27.03.15
MPs call for new independent patient safety investigation body
A national independent patient safety investigation body should be established as soon as possible, according to a group of cross-party MPs.
The Public Administration Select Committee has called on the incoming health secretary after the election to “act immediately” on the issue. In a new report it said that the service is needed because of the scale of problems in the NHS.
The MPs said the current patient safety system was "too complicated" and "took too long".
It follows health secretary Jeremy Hunt backing the establishment of an independent patient safety investigation unit to rapidly investigate serious medical incidents in response to the Morecambe Bay report.
Bernard Jenkin MP, chair of the committee, said: “Ever since the Mid Staffs hospital crisis and the Francis Report, it has been evident that the NHS has urgent need of a simpler and more trusted system for clinical incident investigation at both local and national level.
“This was again confirmed by the Kirkup report into the Morecombe Bay baby deaths. There needs to be investigative capacity so that facts and evidence can be established early, without the need to find blame, and regardless of whether a complaint has been raised.
“Our proposals for a new investigatory body will help transform the safety culture of the NHS and help to raise standards right across the NHS. This proposal is widely supported and it should be taken up early in the new Parliament.”
The committee report notes that more than 10,000 serious incidents are reported to NHS England annually. There were 338 recorded "never events" (such as wrong site surgery) in 2013-14 and NHS England received 174,872 written complaints.
It continues to list figures, with the NHS Litigation Authority’s latest estimate of clinical negligence liabilities at £26.1bn and the cost of the Francis Inquiry into the Mid Staffordshire NHS Foundation Trust being £13.6m.
The committee says that the huge numbers involved in the overall work of the NHS – 15.8 million admissions to hospitals and 19.2 million A&E attendances in England the year to November 2014 –put those figures in context. However, it continues saying the overwhelming response PASC received to the inquiry is “an indication of the devastating impact of clinical failures when things do go wrong”.
The example of patient Gina is given to illustrate the point. She had to have her leg amputated following an accidental injection of disinfectant during a routine angiography at Doncaster Royal Infirmary in 2013.
The report says: “Patients and NHS staff deserve to have clinical incidents investigated immediately at a local level, so that facts and evidence are established early, without the need to find blame, and regardless of whether a complaint has been raised.”
It adds that there also needs to be a “clear effective central system for disseminating the lessons learned from local incidents across the NHS nationally”.
The committee is extremely critical of the current systems in place to investigate clinical incidents, saying they are “complicated, take far too long and are preoccupied with blame or avoiding financial liability”.
“The quality of most investigations therefore falls far short of what patients, their families and NHS staff are entitled to expect, and these failures compound the pain and distress caused to patients and their families by the original incident,” the MPs say.
The committee also raises serious questions about the capacity and capability of the Parliamentary and Health Service Ombudsman (PHSO) in relation to complaints involving clinical matters, because of the “lack of timely, local, independent investigative capacity”.
Jenkin said: “We embarked on this inquiry because we are aware of the considerable anguish and disquiet where PHSO investigations fail to uncover the truth, and of pain inflicted by the Ombudsman when it has been defensive and reluctant to admit mistakes. This underlines the need for improved competence and culture change around clinical incident investigation throughout the system, including in the PHSO but across the board.

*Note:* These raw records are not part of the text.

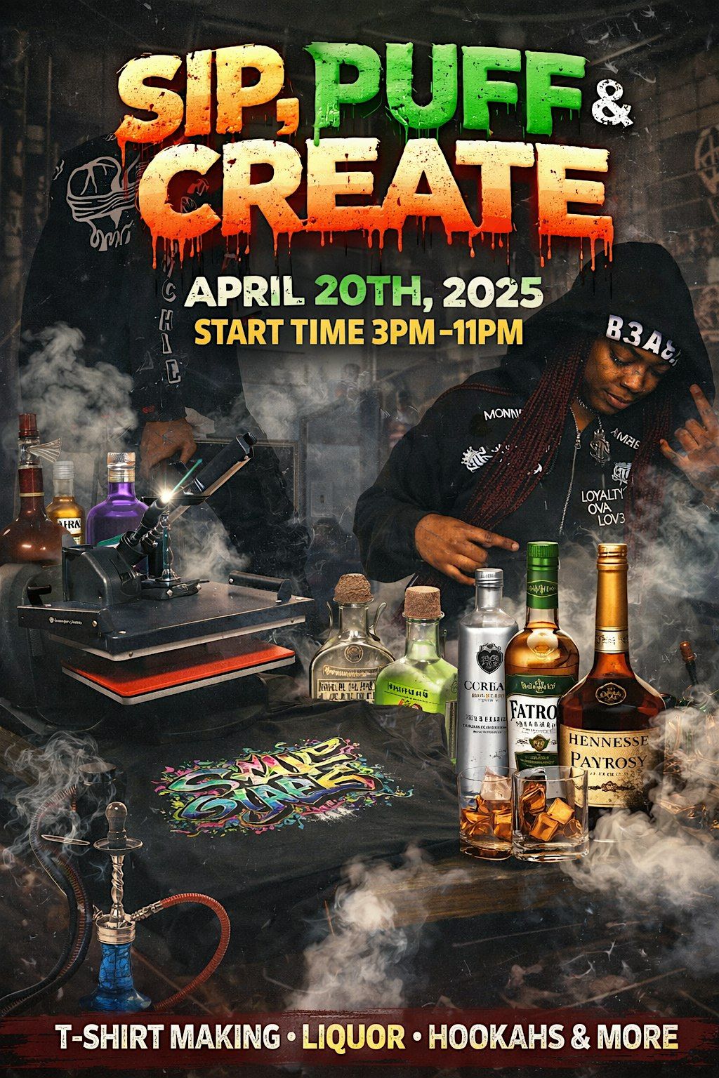This is a Sip/Puff & Create where you can create your own merch. This event will be broken up into 3 different sessions 1st session will start at 3:15pm and will end at 5:15pm the second session will start at 6:15pm and will end at 8:15pm and the last session being the longest it will start at 8:30pm and will end at 11:30pm A VARSITY JACKET, JOGGING SUIT, PULLOVER HOODIE, ZIP-UP HOODIE, BEANIE, CREWNECK, AND SHIRT CAN ALL BE MADE BY YOU. There will be a variety of DTF transfers to choose from in all color and sizes and if you do not see a DTF transfer you like you can customize your own design. there is 5 packages to choose from. THIS IS A 4/20 FRIENDLY BYOW EVENT ON 4/20. This is an 18+ event with a 360 photo booth, an edible bar with items like koolaid, chips, rich krispies, cakes, and more, and complimentary food and drinks.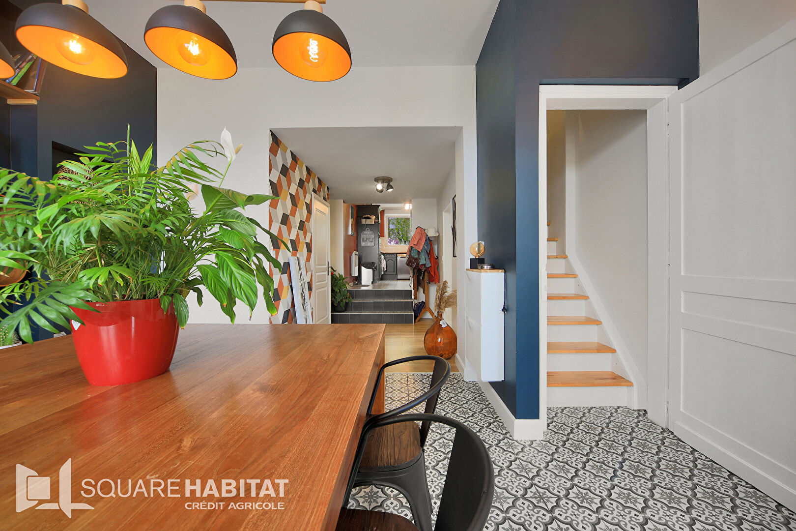 Dès l'entrée, vous accédez à une grande pièce salle à manger avec cuisine surélevée, pleine de caractère.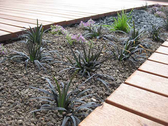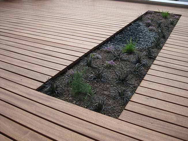 Die bepflanzte Aussparung im Holzdeck lockert optisch auf und soll später einem beleuchteten Felsen oder Buddha Platz bieten. Das Besondere: alles ist automatisch bewässert, sämtliche Leitungen wurden unsichtbar verlegt.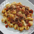 Poner en el fuego una olla grandecita con agua, un chorrillo de aceite y sal, cuando esté en ebullición poner los ñoquis, cuando empiecen a flotar ir sacándolos con la espumadera para un colador de pasta, tener una fuente con algo de salsa anteriormente echa e ir incorporando los ñoquis, Una vez terminado se le echa más salsa con carne. Servir y el queso a gusto de cada uno.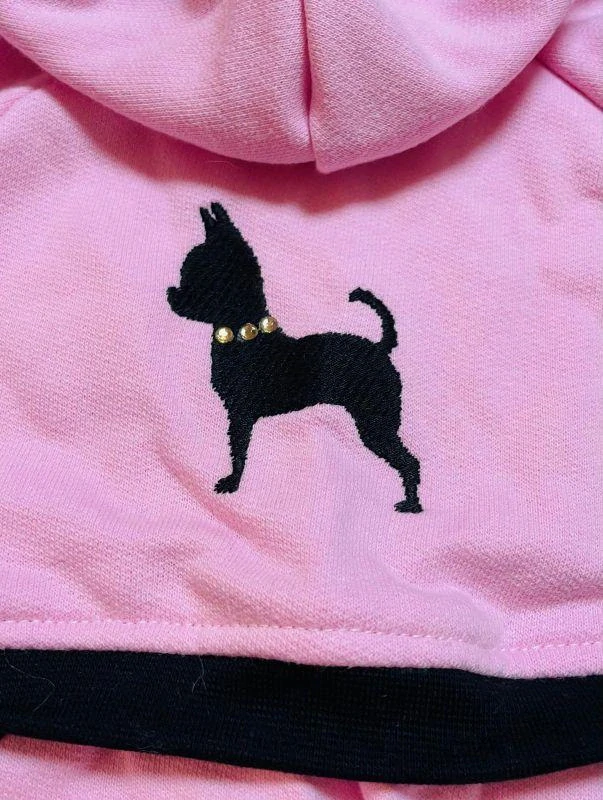Růžová dvoudílná tepláková souprava s výšivkou čivavy.

“That change is urgently needed. Some of the PHSO’s shortcomings are systemic and can only be addressed through legislation, which is needed early in the next Parliament. However, unhappiness with the Ombudsman underlines the need for improved capacity for clinical incident investigations in response to complaints, long before they reach the Ombudsman. To that end, we are calling for the establishment of this new, independent national patient safety investigation body, funded by the Department of Health.”
According to PASC a new national independent patient safety investigation body should meet the following criteria:
- Be transparent and accountable directly to Parliament.
- Offer a safe space with strong protections for patients and staff, so they can talk freely and without fear of reprisals about what has gone wrong.
- Be independent of providers, commissioners and regulators, and so able to investigate whether and how the system as a whole was instrumental in contributing to clinical failure.
- Have the power to publish its reports and to disseminate its recommendations. It should be for the Care Quality Commission and other executive, regulatory and commissioning bodies to ensure they are implemented.
- Have its own substantial investigative capacity, so that it can lead by example, oversee local investigations and conduct its own investigations when necessary.
A spokeswoman for the PHSO said: “We will carefully study this report which raises important issues about the investigation of clinical incidents for the health system, as well as about our service.”